■ **Exercise goal**
An exact copy of the data is needed, one that excludes all pictures.

■ **Data**
=== Section Start ===
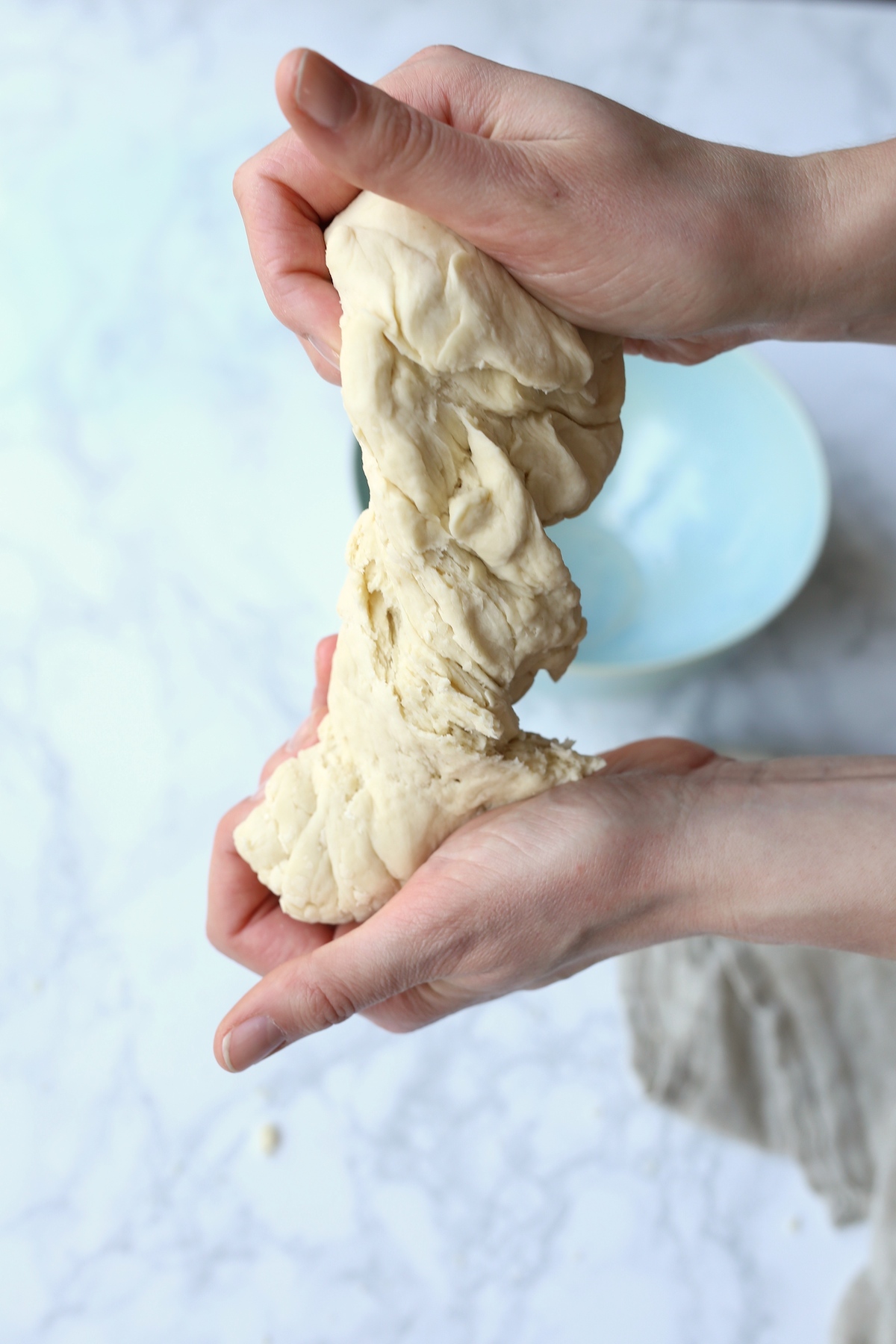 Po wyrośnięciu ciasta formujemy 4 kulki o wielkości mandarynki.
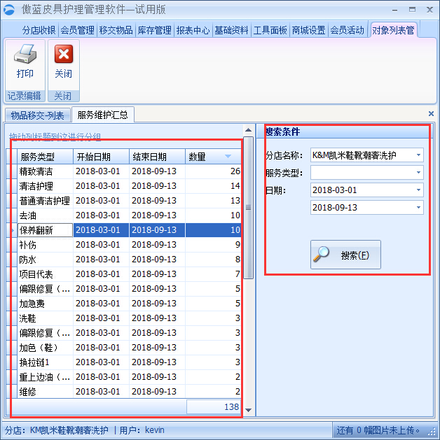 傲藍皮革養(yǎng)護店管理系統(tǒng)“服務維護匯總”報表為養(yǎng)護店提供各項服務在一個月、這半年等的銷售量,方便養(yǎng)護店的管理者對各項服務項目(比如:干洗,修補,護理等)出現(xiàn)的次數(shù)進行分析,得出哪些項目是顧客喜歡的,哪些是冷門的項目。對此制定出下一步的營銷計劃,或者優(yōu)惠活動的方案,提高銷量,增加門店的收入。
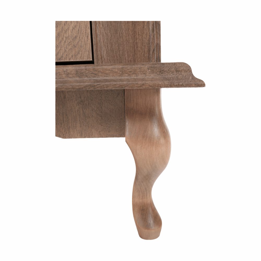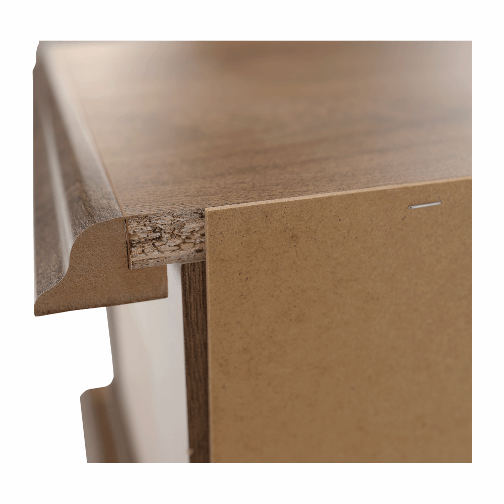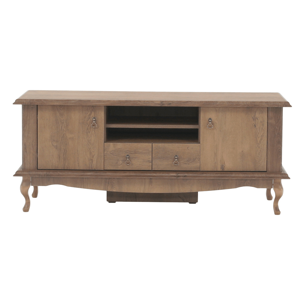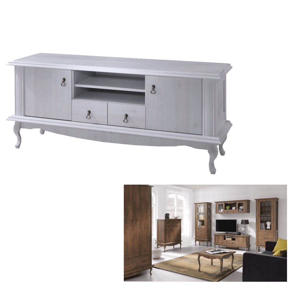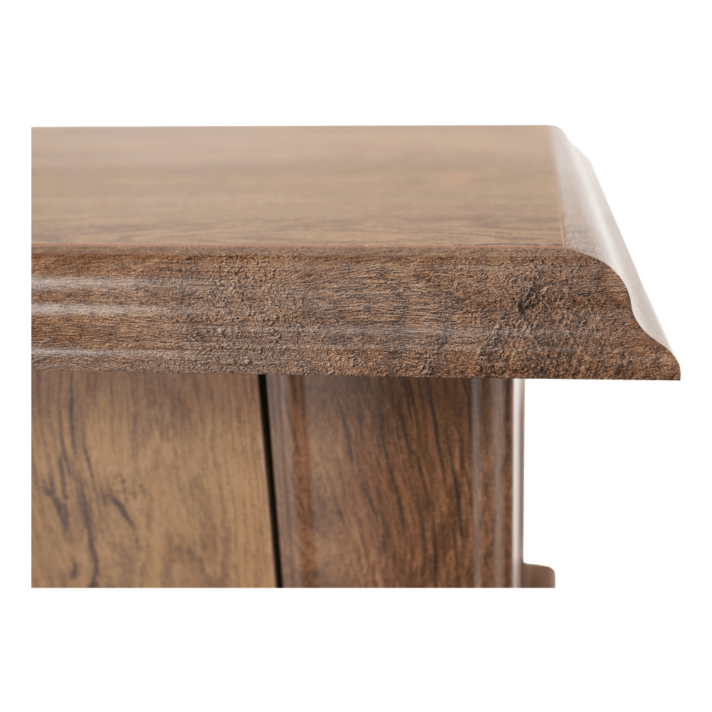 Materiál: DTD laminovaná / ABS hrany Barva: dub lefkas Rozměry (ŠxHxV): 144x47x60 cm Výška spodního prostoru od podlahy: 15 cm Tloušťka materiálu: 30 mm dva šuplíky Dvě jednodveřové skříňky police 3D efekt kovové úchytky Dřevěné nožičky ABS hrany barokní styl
=== Section End ===
■ **Exercise solution**
 Po wyrośnięciu ciasta formujemy 4 kulki o wielkości mandarynki.
 傲藍皮革養(yǎng)護店管理系統(tǒng)“服務維護匯總”報表為養(yǎng)護店提供各項服務在一個月、這半年等的銷售量,方便養(yǎng)護店的管理者對各項服務項目(比如:干洗,修補,護理等)出現(xiàn)的次數(shù)進行分析,得出哪些項目是顧客喜歡的,哪些是冷門的項目。對此制定出下一步的營銷計劃,或者優(yōu)惠活動的方案,提高銷量,增加門店的收入。
 Materiál: DTD laminovaná / ABS hrany Barva: dub lefkas Rozměry (ŠxHxV): 144x47x60 cm Výška spodního prostoru od podlahy: 15 cm Tloušťka materiálu: 30 mm dva šuplíky Dvě jednodveřové skříňky police 3D efekt kovové úchytky Dřevěné nožičky ABS hrany barokní styl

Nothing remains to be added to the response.